However, at other times, the delayed diagnosis of TB among persons who screened positive for AUD was because their frequent ill health was sometimes mistaken as arising from excessive alcohol use. This resulted in several misdiagnoses and large medical bills accumulating from repeated visits to healthcare facilities which in turn caused social disharmony.
“Every time they took me to the health centre they would say I am sick and put cannulas [for IV medicines] on me. I would not spend a week without falling sick.” (24-year-old female).
TB stigma and discrimination
Among people who screened positive for AUD, a TB diagnosis was received with anxiety due to stigma towards people with TB within their families and in the larger community. Family members isolated them and mistook them for HIV positive individuals while community members did not want to share workspaces with them.
“Only people who have ever experienced that situation would understand but I was given my own plate and cup and asked not mix my utensils with other people’s utensils”. They would say, “this one who has TB cannot fail to have HIV, she has two problems.” (24-year-old female).
“I feared being discriminated by people, everyone who looks at you asks you to leave”. (40-year-old male).
Some of the people interviewed were afraid of losing their jobs particularly if they worked in large public spaces or in close proximity with others.
“You know I work in a very public place, since I work in a bar selling beer. You know these customers. If they buy, they want you to drink some”. (39-year-old female bartender).
“TB medicine is strong medicine.
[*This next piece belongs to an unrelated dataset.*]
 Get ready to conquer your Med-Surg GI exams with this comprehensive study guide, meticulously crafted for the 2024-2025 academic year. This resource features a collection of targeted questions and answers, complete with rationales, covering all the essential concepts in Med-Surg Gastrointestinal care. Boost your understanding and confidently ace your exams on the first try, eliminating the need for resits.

You need to work [so that you can get food to eat] but my colleagues at the construction site, they did not want me to get close to them. Where would I work then?” (42-year-old male).
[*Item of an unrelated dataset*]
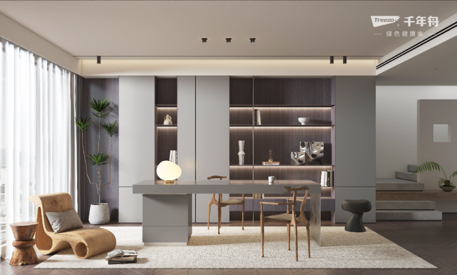 书房常被使用者投注大量个人色彩,以至于成为一个人精神世界的外化体现,沉稳雅致的空间布局,传递出稳重的气质与精致的格调。素雅别致的色彩穿插于木纹与灰色之间,栅格板静置陈列,简洁柜门恬然静谧,在这处不被打扰的空间里,安静享受阅读、安放思绪。

In addition to TB stigma, respondents were afraid of additional discrimination towards them due to their alcohol use. As a result, they often did not disclose this to healthcare workers
“The healthcare workers taught us to adhere to TB treatment. They instructed us to first eat and then swallow medicine”… “However, we hid the fact that we were taking alcohol from them”. (39-year-old female)
Experiences with TB Treatment.
Persons with screened positive for AUD experienced several challenges during TB treatment including the side effects of TB medicines, which were sometimes exacerbated by concurrent alcohol use and lack of adequate food and/or transport fares to visit the health facilities.
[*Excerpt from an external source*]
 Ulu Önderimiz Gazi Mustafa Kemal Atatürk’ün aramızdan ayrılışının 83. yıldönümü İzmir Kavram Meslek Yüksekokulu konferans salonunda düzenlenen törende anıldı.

“However, when I took alcohol soon after the medicine, it would affect me badly…. I would get burning in the stomach and I would get ‘really drunk’. I could not sleep well”. (39-year-old female).
“There is a time I did not swallow the TB medicine because I had no food yet the healthcare workers had told me that I should first eat then swallow [medicine] when I am satisfied”. (28-year-old female).
“There is a time I spent about two days without returning to the clinic because I had no money for [the] transport [fare]”. (24-year-old female).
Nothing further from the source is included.